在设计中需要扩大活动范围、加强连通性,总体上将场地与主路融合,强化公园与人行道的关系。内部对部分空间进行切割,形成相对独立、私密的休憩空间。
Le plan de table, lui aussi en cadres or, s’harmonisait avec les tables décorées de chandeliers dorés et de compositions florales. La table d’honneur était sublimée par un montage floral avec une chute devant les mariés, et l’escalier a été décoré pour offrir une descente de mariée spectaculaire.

···

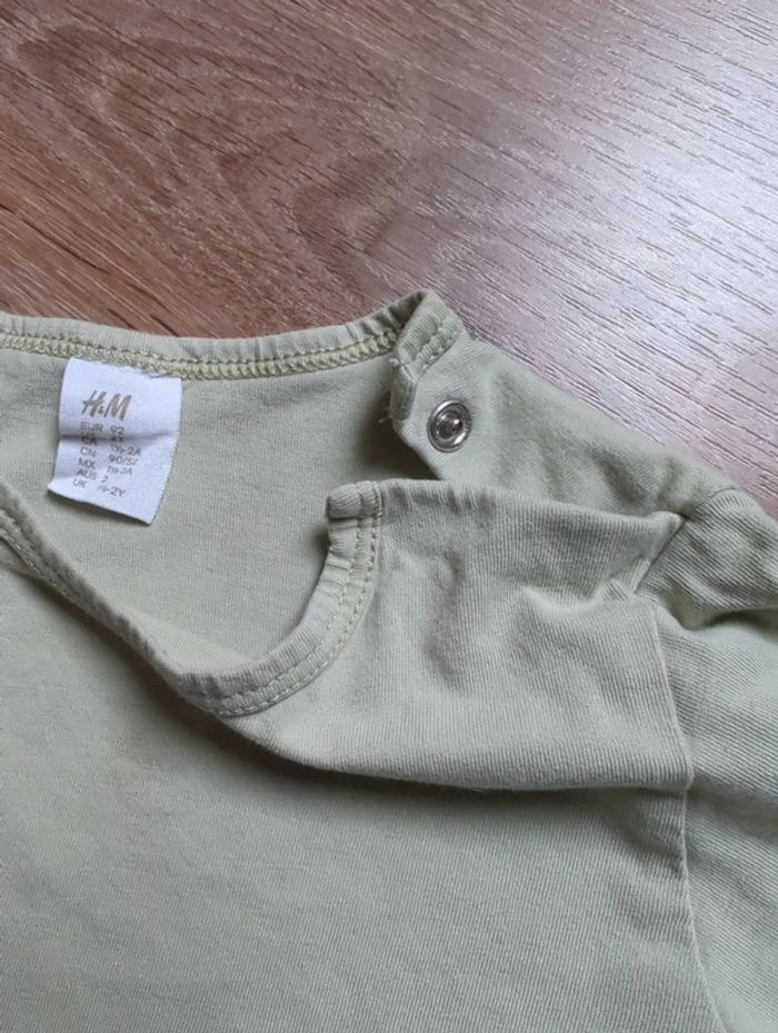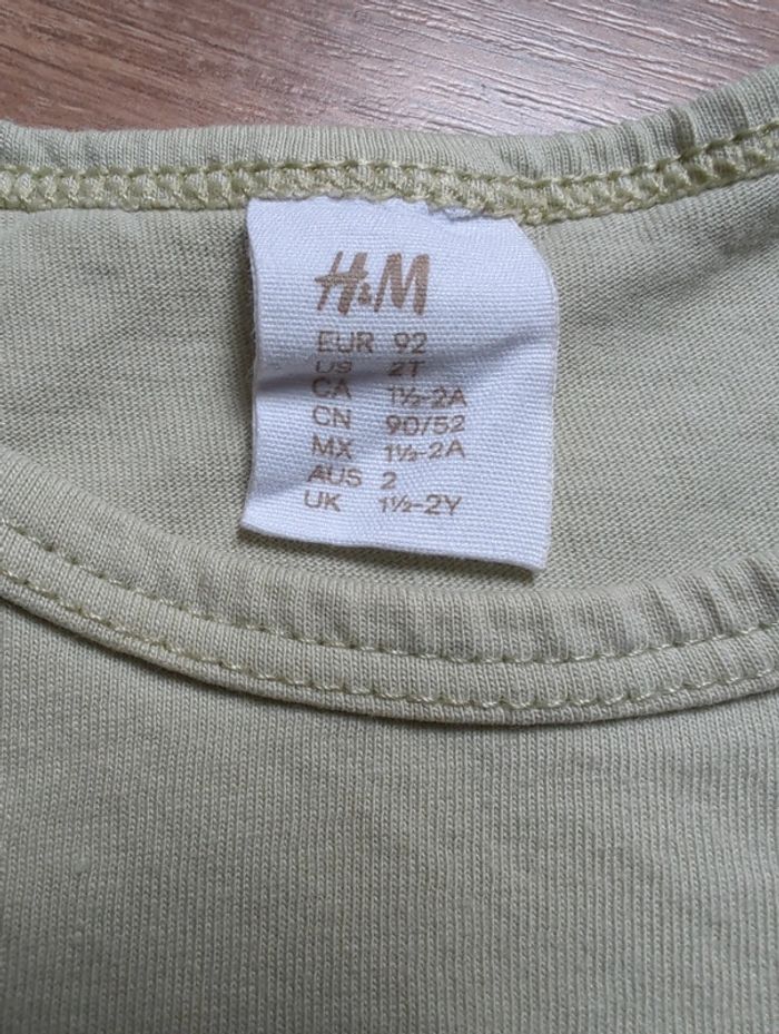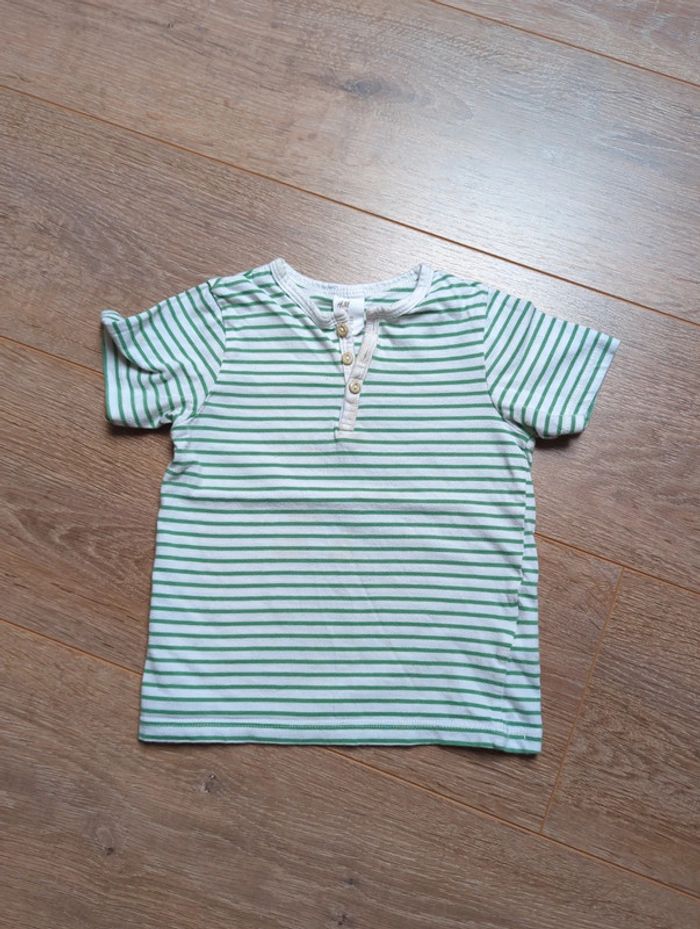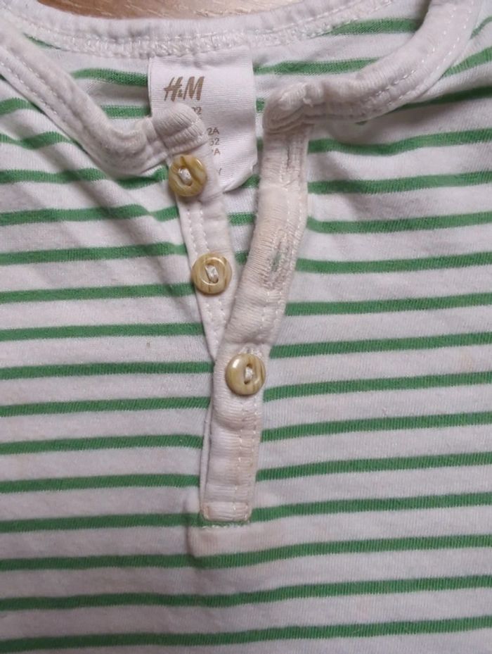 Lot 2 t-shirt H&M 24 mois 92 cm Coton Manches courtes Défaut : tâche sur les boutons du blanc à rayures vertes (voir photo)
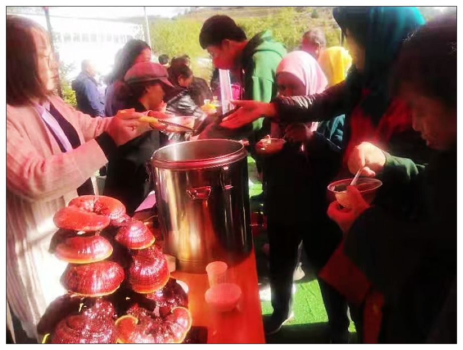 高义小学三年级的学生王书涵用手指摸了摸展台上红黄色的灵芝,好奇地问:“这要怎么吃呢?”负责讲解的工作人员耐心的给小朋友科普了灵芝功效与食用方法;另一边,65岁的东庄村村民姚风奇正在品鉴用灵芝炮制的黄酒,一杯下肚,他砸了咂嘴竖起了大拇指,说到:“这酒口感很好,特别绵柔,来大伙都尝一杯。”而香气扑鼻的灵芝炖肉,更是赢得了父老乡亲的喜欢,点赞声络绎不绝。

···

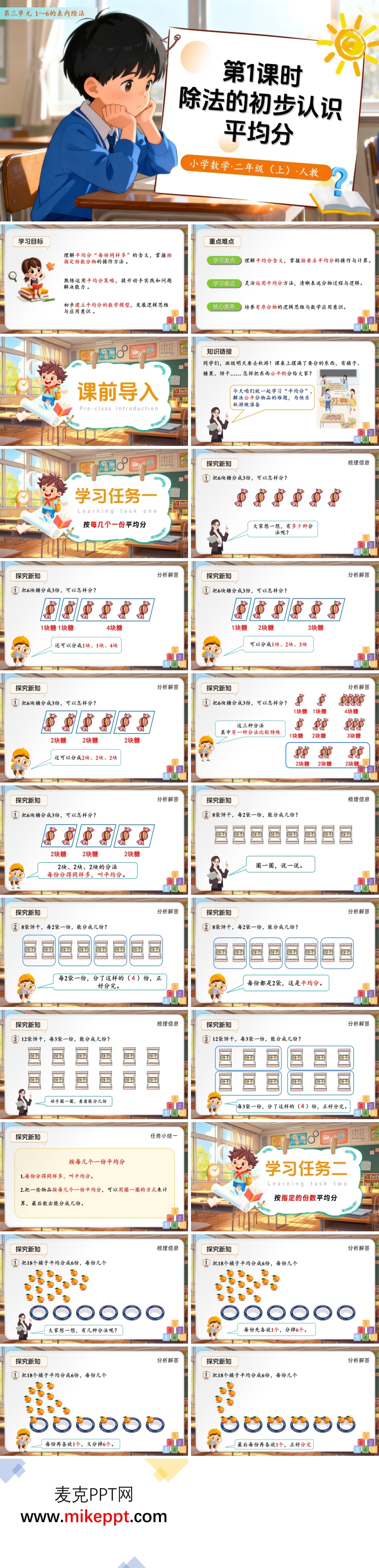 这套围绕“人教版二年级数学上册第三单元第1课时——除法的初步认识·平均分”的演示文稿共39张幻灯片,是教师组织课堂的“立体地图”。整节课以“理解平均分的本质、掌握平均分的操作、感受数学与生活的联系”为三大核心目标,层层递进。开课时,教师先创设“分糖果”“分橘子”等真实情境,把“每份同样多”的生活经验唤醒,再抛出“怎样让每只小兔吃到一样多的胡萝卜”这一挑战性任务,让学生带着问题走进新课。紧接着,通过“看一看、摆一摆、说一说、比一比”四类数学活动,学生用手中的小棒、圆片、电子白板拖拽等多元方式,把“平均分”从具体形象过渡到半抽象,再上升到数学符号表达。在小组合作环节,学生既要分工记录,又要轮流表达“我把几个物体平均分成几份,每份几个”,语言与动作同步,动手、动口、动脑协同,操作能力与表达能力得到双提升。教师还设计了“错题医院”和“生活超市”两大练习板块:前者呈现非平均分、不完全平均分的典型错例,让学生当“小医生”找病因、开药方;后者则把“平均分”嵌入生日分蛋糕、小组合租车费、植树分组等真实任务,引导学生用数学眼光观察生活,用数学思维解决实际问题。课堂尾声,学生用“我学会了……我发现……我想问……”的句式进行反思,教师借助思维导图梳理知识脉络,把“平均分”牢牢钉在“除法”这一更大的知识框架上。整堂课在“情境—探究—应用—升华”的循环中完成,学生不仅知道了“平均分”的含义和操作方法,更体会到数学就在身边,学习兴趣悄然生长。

···

### AIM OF THE TASK
Look back at the entries above and repeat, unchanged, every line from the line holding "在设计中需要扩大活动范围、加" through the line holding "Le plan de table, lui".

### RESULT
在设计中需要扩大活动范围、加强连通性,总体上将场地与主路融合,强化公园与人行道的关系。内部对部分空间进行切割,形成相对独立、私密的休憩空间。
Le plan de table, lui aussi en cadres or, s’harmonisait avec les tables décorées de chandeliers dorés et de compositions florales. La table d’honneur était sublimée par un montage floral avec une chute devant les mariés, et l’escalier a été décoré pour offrir une descente de mariée spectaculaire.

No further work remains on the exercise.